The court basically threw up its hands at this point.
It declared that it could “no more determine whether Joseph Smith… translated with God’s help gold plates…, than it can opine on whether Jesus Christ walked on water”. The plaintiffs argued they were challenging facts, not beliefs, but the court said that when it comes to religious history, the two are “inextricably intertwined”. The door was slammed shut.
But what about the money? That feels different. A shopping mall isn’t exactly a sacrament. I mean, it kind of is in a spiritual sense since Americans are so brain broken that the only thing they’ve got is consumerism. But in a legal sense, shopping isn’t seen as being sacrament.

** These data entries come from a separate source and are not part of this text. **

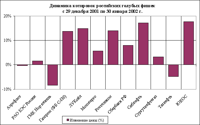 Лидерами повышения среди “голубых фишек” (на 30 января) стали акции “Юкоса” (17.67%) и “Сибнефти” (17.13%), за ними последовали: “Лукойл” (14.84%), “Ростелеком” (14.05%) и “Сбербанк” (8.0%). Замыкают список акции “Аэрофлота” (-0.28%), “Татнефти” (-4.78%) и ГМК “Норильский Никель” (-8.36%).
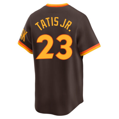 This Fernando Tatis Jr San Diego Padres Brown 1969-84 Cooperstown Limited Jersey – All Stitched is an essential piece of gear for any San Diego Padres fan looking to highlight their favorite jersey and player. The Fernando Tatis Jr San Diego Padres Brown 1969-84 Cooperstown Limited Jersey and team details provide a kickoff-ready look that elevates your excitement for game day. Made with comfort in mind, this Fernando Tatis Jr San Diego Padres jersey delivers a standard, lightweight fit and features breathable mesh side panels for added ventilation.
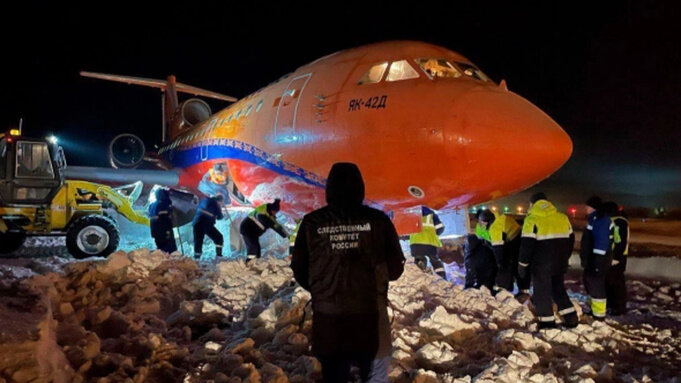 Произошедшее классифицировали как серьезный авиаинцидент В аэропорту Архангельска пассажирский самолет Як-42 выкатился за пределы взлетной полосы, прилетевший с острова Новая Земля. Об этом сообщили в Западном межрегиональном следственном управлении на транспорте СК. "Вечером 12 января поступило сообщение о том, что в аэропорту Талаги города Архангельска воздушное судно Як-42 сообщением Амдерма 2 – Талаги при посадке выкатилось за пределы взлетно-посадочной полосы. Пострадавших нет", – рассказали в ведомстве. Следователи начали доследственную проверку на основании уголовной статьи о нарушении правил безопасности движения и эксплуатации воздушного транспорта. Пресс-секретарь Росавиации Артем Кореняко уточнил, что аэропорт из-за случившегося был временно закрыт. На борту в момент происшествия были 5 членов экипажа и 54 пассажира. Никто из них не пострадал. Самолет, по предварительным данным, видимых повреждений не получил, но застрял в снегу. Позднее его отбуксировали на стоянку. Произош
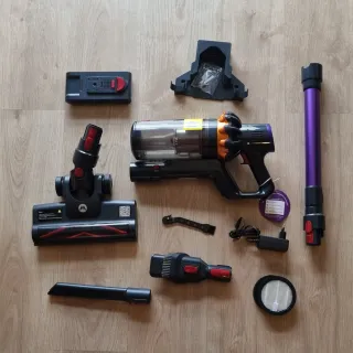 Aspiradora escoba de la marca Mauoke, ideal para la limpieza del hogar. Incluye varios accesorios para diferentes usos. - Cuerpo principal de la aspiradora. - Tubo de extensión morado. - Cabezal principal con cepillo. - Batería. - Base de carga. - Cargador de pared. - Filtro de repuesto. - Accesorio para ranuras. - Cepillo pequeño. Potente motor sin escobillas de 580W que ofrece hasta 45KPa de succión. 70 minutos de autonomía, 3 potencias diferentes y modo automático, luz led de color verde para ver mejor la suciedad y cepillo antienredos. Nueva a estrenar
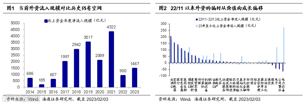 2022年11月以来外资情绪明显修复,流入板块结构从价值向成长偏移。2022年在地缘政治、海外央行紧缩、疫情扰动等因素的影响下,前10月A股外资仍处于累计净流出的水平,2022年1-10月外资流入规模创下了历史同期的最低水平。而22/11以来随着我国政策调整和人民币持续升值,外资开始大幅流入,2023年1月净流入规模更是达到了1400亿元,创下了单月历史新高,2022/11以来(截至2023/02/03,下同)外资累计净流入A股规模接近2500亿元。从结构来看,本轮外资大幅进场的过程中,2022年11-12月期间外资大幅流入消费和金融板块,买入额较大的有白酒、家电、银行、保险等行业;但2023年以来外资对成长板块的偏好开始明显提升,其中电力设备、电子、汽车等行业的外资净流入规模较大。

One judge on the appeals court agreed, writing separately that the dispute over tithing funds was a “purely secular” matter that the courts should be able to decide.
But the majority of the court found a different way to dismiss the claim. It came down to a legal technicality so fine you could miss it.
The judges ruled that the plaintiffs, in their 203-page complaint, failed to plausibly connect the dots. They didn’t allege a specific moment where they heard a particular representation about tithing, and because of that specific statement, they decided to continue making payments they otherwise would have stopped. Their allegations of reliance were dismissed as “bald conclusion[s]” and “[t]hreadbare recital[s]”. And just like that, the case was over.
The Accountability Gap
This isn’t just about one lawsuit. It’s about a cavernous gap in our legal system. When an organization is both a faith and a multi-billion-dollar corporate empire, which set of rules applies? The church autonomy doctrine is designed to protect religious freedom, a cornerstone of American life. But what happens when that shield is used to deflect legitimate questions about financial transparency and alleged deception?
For Gaddy, Small, and Harris, the system offered no answers. They brought forward meticulously detailed allegations of being misled, of their profound financial and spiritual investment being abused. The courts, in return, focused not on the substance of their claims, but on constitutional boundaries and pleading standards. No executive was held accountable. No policies were forced to change. The fine, in this case, was non-existent.
The outcome leaves us with a deeply unsettling question. In a society that demands transparency from corporations and accountability from financial institutions, should faith-based organizations that operate in the same commercial spaces get a pass? When the lines between God’s work and commercial development blur, who is empowered to ask the hard questions?
Where Do We Go From Here?
Meaningful change isn’t about putting religion on trial. It’s about recognizing that massive institutions, regardless of their tax status, have a profound impact on people’s lives and finances. Real solutions might look like requiring greater financial transparency for the commercial arms of religious organizations, so members can give with fully informed consent. It might mean courts creating a clearer standard for when a dispute is truly “ecclesiastical” versus when it is a secular claim of fraud that just happens to involve a church.
The story of Laura Gaddy, Lyle Small, and Leanne Harris ended in a legal defeat. But their journey forces us all to confront the line between veneration and accountability. Theirs is a story of what happens when deeply personal faith collides with impersonal institutional power, and how, sometimes, the law decides it can only look the other way.
All factual claims in this article are sourced from the public court document Gaddy v. Corp. of the President of the Church of Jesus, No. 23-4110, filed in the U.S. Court of Appeals for the Tenth Circuit.